I can't find a way to represent rotation and translation (2D isometries) using multivectors based on two dimensions that square to positive numbers G2,0,0 (see my attempt here). However we can represent 2D rotation using G+2,0,0 (complex numbers) and 2D isometries using G 0,1,1 (dual complex numbers) as explained below:
2D Rotation Using G+2,0,0 (Complex Numbers)
We can represent 2D rotations using complex numbers as explained on this page.
2D Rotation and Translation Using G 0,1,1 (Dual Complex Numbers)

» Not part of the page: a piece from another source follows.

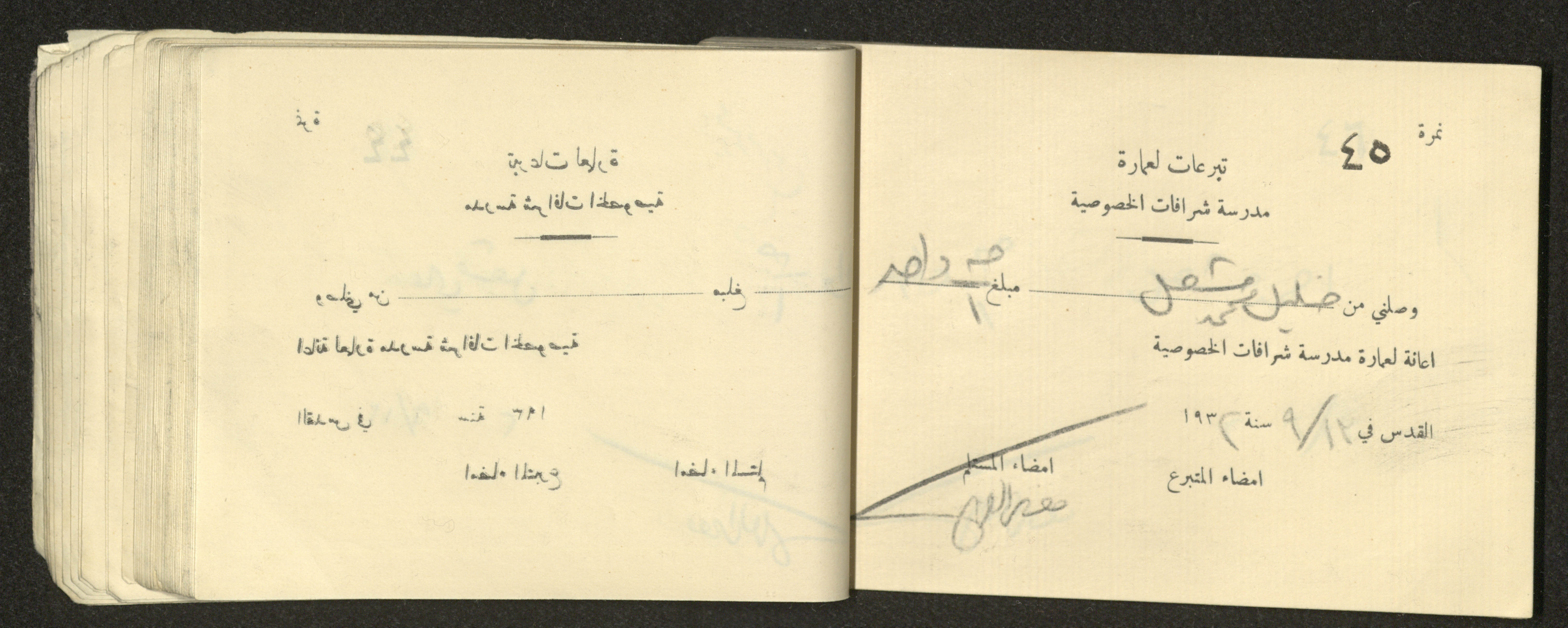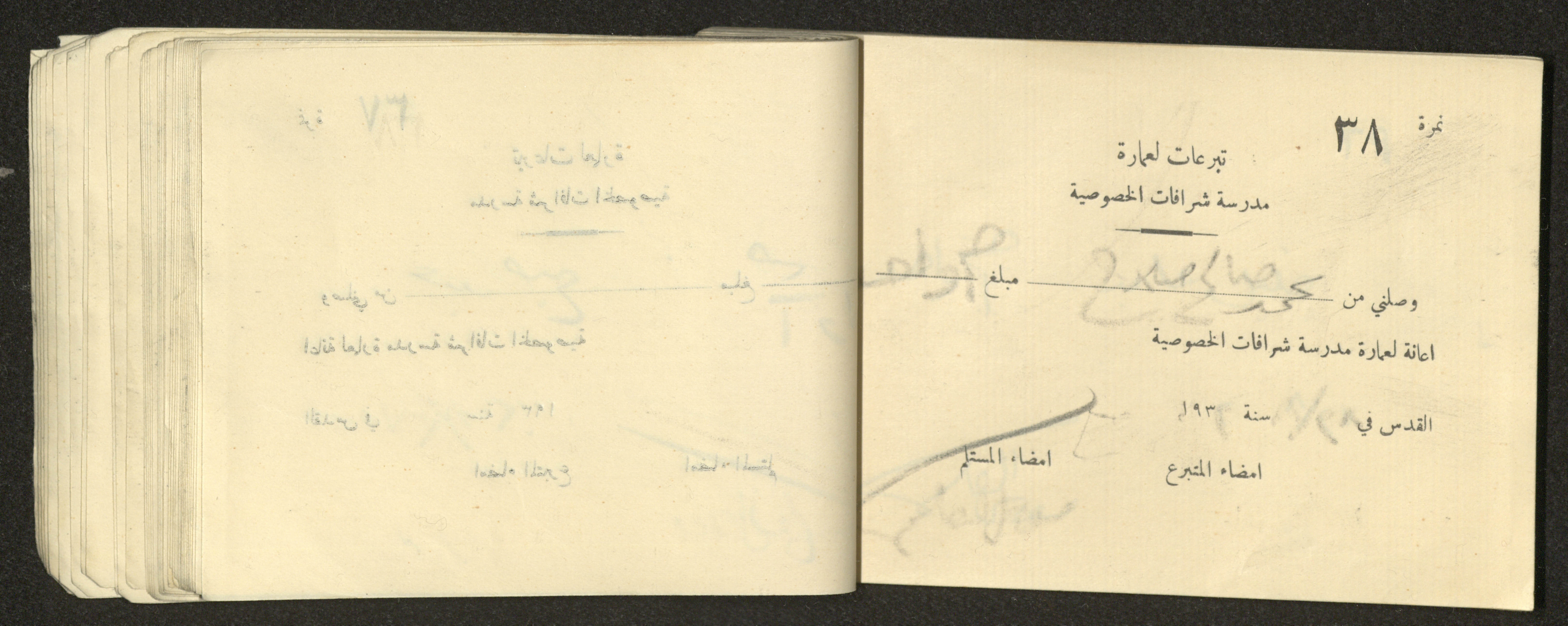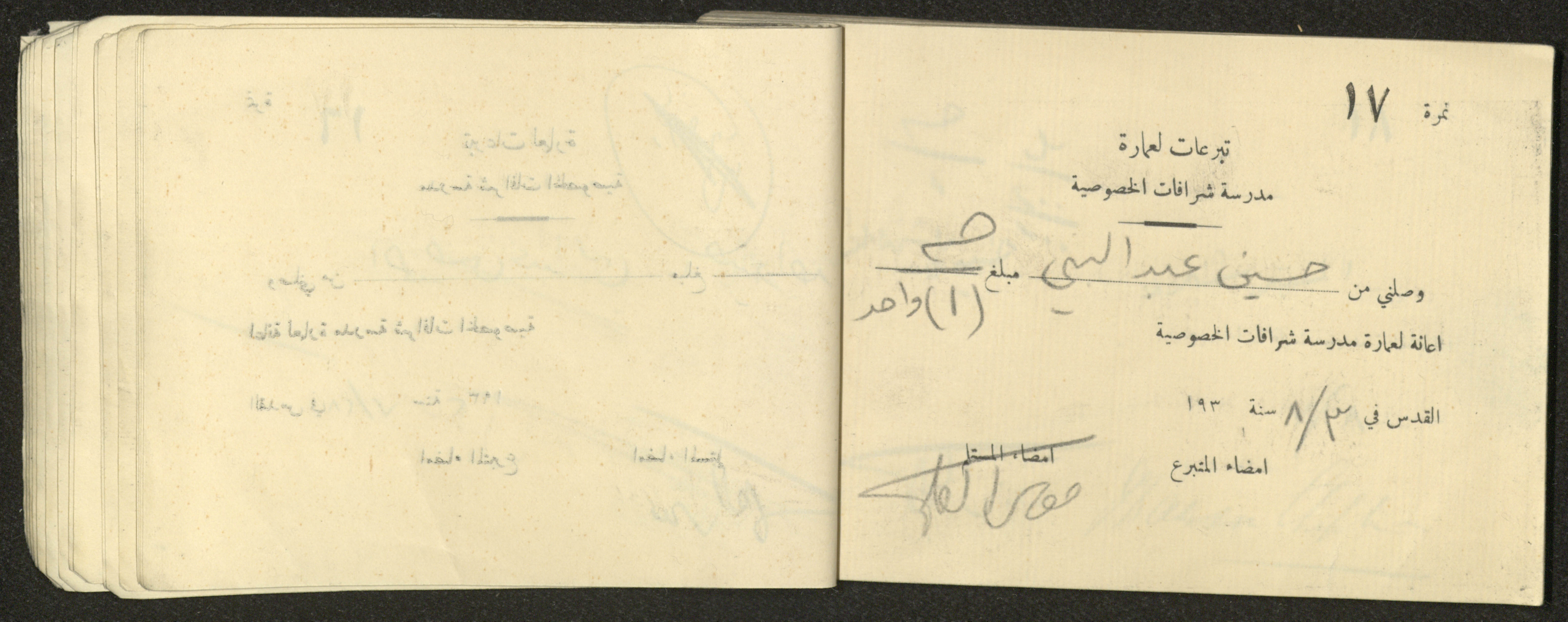 Found in the Arab Development Society Collection, this document shows a receipt book filled with receipts for donations for building Sharafat Private School, 1932.

This can be used to represent the group of spatial displacements in two dimensions SE(2) which can be used to represent a combination of 2D rotation and displacement. If you would prefer to do this using Dual Complex Number Notation see this page.

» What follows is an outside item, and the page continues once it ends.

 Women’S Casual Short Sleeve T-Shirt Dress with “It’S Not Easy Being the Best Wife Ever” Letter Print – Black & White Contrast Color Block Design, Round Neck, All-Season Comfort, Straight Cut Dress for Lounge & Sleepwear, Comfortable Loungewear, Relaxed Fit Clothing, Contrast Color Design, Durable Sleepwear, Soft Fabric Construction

The advantage of this is that we can represent a combined rotation with displacement operation with one multiplication operation.
- The e and e1 terms together can represent rotation (as a normalised complex number).
- The e2 and e12 terms together can represent displacement.
In order to investigate the practicality of this we can try to use it in the car racing game (which is developed on these pages). This is used in the following examples:
Example - Pure Displacement (no rotation)
If the rotation is 0 degrees, this is represented by (e + 0 e1), in other words 1, as explained on this page.
So if we are initially at point (x=3, y=4) this will be represented by the Dual Complex Number:
(e + 3e2 + 4 e12)
We now want to displace this by (x=4, y=3) this will be represented by the Dual Complex Number:
(e + 4e2 + 3 e12)
So to combine these, to give the resulting position, we multiply together their representations:
(e + 3e2 + 4 e12)*(e + 4e2 + 3 e12)
multiplying out the terms using the above multiplication table we get:
= e + 4e2 + 3 e12 + 3e2 + 4 e12
= e + 7e2 + 7 e12
Example - Pure Rotation (no displacement)
If the displacement is zero then e2 = 0 and e12 =0 and the rotation is represented by the normalised complex number as explained on this page.
Example - Combined Displacement and Rotation
Starting from the previous position:
(e + 7e2 + 7 e12)
and applying a rotation of 90 represented by:
(0 e + e1)
We combine them by multiplying as before:
(0 e + e1) * (e + 7e2 + 7 e12)
multiplying out the terms using the above multiplication table we get:
(e1 - 7 e2 + 7 e12)
So we can see that the object is rotated about the origin.